* Material provided *

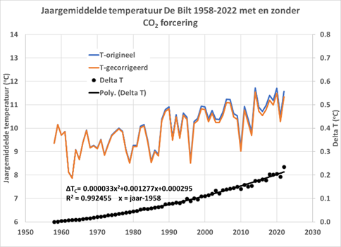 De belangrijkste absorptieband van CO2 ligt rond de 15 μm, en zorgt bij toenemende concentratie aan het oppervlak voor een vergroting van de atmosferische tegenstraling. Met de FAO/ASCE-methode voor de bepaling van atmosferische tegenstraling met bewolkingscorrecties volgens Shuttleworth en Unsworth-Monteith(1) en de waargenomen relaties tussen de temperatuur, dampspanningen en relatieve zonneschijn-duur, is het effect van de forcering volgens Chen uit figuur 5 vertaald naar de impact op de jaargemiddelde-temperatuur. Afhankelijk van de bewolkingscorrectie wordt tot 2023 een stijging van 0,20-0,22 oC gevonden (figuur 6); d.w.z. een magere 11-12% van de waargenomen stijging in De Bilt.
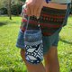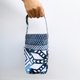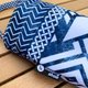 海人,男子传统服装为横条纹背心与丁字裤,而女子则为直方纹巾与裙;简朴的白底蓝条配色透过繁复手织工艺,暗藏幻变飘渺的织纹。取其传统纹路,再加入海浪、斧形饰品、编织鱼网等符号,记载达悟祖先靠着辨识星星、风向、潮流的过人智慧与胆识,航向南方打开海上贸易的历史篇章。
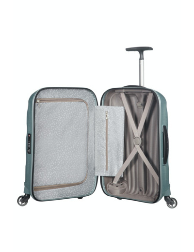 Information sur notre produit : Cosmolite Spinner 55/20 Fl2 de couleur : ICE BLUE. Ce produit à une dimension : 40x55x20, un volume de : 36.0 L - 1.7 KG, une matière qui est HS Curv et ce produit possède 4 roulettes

==

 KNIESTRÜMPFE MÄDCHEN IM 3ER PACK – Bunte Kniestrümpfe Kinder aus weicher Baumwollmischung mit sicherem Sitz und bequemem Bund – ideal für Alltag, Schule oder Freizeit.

* Work to complete *
Within the entries above, the lines from the one containing "De belangrijkste absorptieband" through the one containing "Information sur notre" are to be transcribed exactly, ends included, pictures excluded.

* Answer to this problem *
 De belangrijkste absorptieband van CO2 ligt rond de 15 μm, en zorgt bij toenemende concentratie aan het oppervlak voor een vergroting van de atmosferische tegenstraling. Met de FAO/ASCE-methode voor de bepaling van atmosferische tegenstraling met bewolkingscorrecties volgens Shuttleworth en Unsworth-Monteith(1) en de waargenomen relaties tussen de temperatuur, dampspanningen en relatieve zonneschijn-duur, is het effect van de forcering volgens Chen uit figuur 5 vertaald naar de impact op de jaargemiddelde-temperatuur. Afhankelijk van de bewolkingscorrectie wordt tot 2023 een stijging van 0,20-0,22 oC gevonden (figuur 6); d.w.z. een magere 11-12% van de waargenomen stijging in De Bilt.
 海人,男子传统服装为横条纹背心与丁字裤,而女子则为直方纹巾与裙;简朴的白底蓝条配色透过繁复手织工艺,暗藏幻变飘渺的织纹。取其传统纹路,再加入海浪、斧形饰品、编织鱼网等符号,记载达悟祖先靠着辨识星星、风向、潮流的过人智慧与胆识,航向南方打开海上贸易的历史篇章。
 Information sur notre produit : Cosmolite Spinner 55/20 Fl2 de couleur : ICE BLUE. Ce produit à une dimension : 40x55x20, un volume de : 36.0 L - 1.7 KG, une matière qui est HS Curv et ce produit possède 4 roulettes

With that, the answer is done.